Desde su debut a finales de los cuarenta, Clarke había conseguido amasar un éxito bastante
poco habitual por entonces al atraer el interés de una parte del público no lector del género gracias a obras como “El Fin de la Infancia” (1953), “La Estrella” (1955), “La Ciudad y las Estrellas” (1956) o “Naufragio en el Mar Selenita” (1961). En varias de sus primeras historias cortas, Clarke había imaginado diversos desastres que acababan con la civilización: el holocausto nuclear en “Anochecer” o “If I Forget Thee, O Earth”; una nueva glaciación en “El Enemigo Olvidado”… Pero pronto descubrió la posibilidad de interpretar el apocalipsis como una revelación, el descubrimiento de una profunda verdad hasta entonces oculta. El desastre, entonces, sería tan sólo el preludio a una experiencia colectiva de carácter casi religioso en virtud de la cual la especie humana trascendería su estadio evolutivo hacia el siguiente escalón. La mejor de sus obras en tratar este tema fue la ya mencionada “El Fin de la Infancia”, en la que unos extraterrestres llegaban a la Tierra e introducían una nueva generación de humanos superiores que acabarían suplantando al Homo sapiens antes de abandonar el planeta para escapar a su destrucción.
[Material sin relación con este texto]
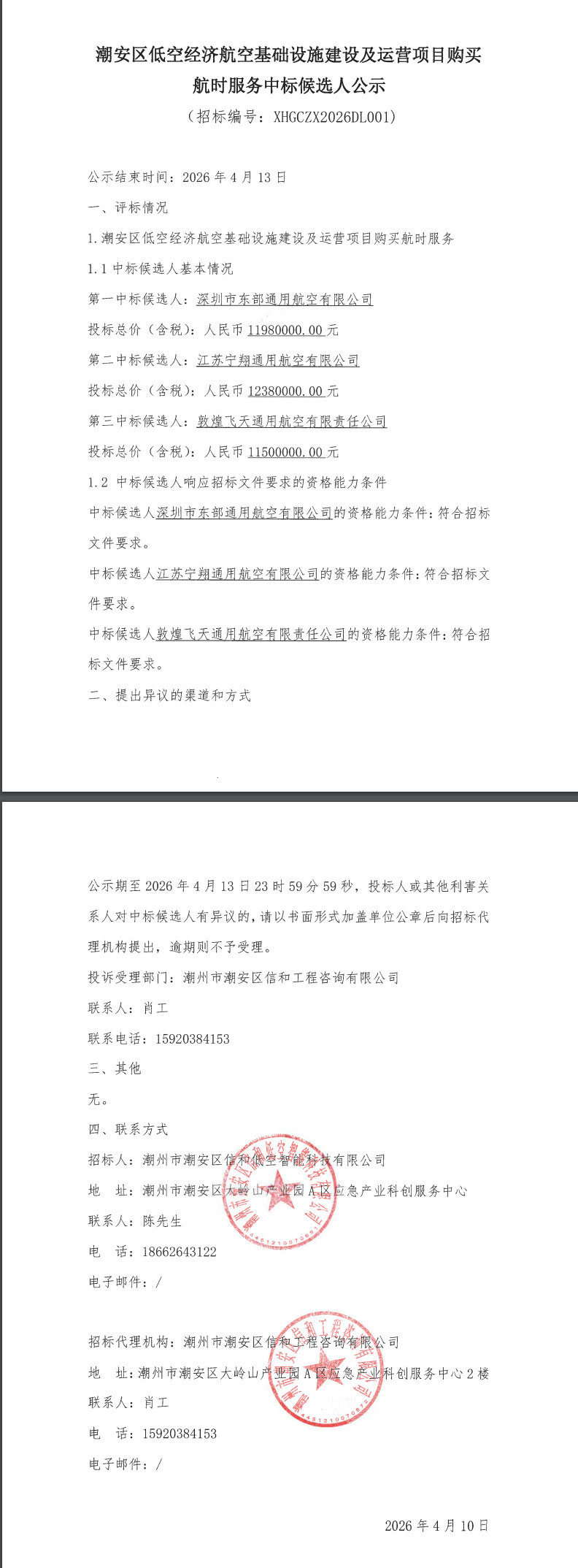 潮安区低空经济航空基础设施建设及运营项目购买航时服务-中标候选人公示

Aunque los derechos de ese libro ya habían sido vendidos hacía tiempo, Clarke y Kubrick conservaron la idea central del mismo y, a sugerencia del primero, utilizaron como arranque de la historia un relato corto firmado por aquél y publicado en 1951: “El Centinela”. En él, unos astronautas encuentran un artefacto en la Luna que, al manipularlo, envía un mensaje a unos alienígenas desconocidos avisando de la presencia del hombre en el satélite.

Aunque “2001” nació inicialmente como una de esas historias épicas de conquista tan del gusto de Hollywood, una versión espacial de “La Conquista del Oeste” (Ford, Hathaway, Marshall, Thorpe, 1962), Kubrick, ayudado por Clarke, fue desarrollando y puliendo el planteamiento inicial (que llevaba el evocador título de “Journey Beyond the Stars”) y elaborando finalmente un borrador firmado por ambos que serviría como gancho para recaudar dinero y sobre el que se basarían tanto el guión definitivo como la propia novela de Clarke, escrita entre mayo y diciembre de 1964 en el Chelsea Hotel de Nueva York y editada con el mismo título que la película.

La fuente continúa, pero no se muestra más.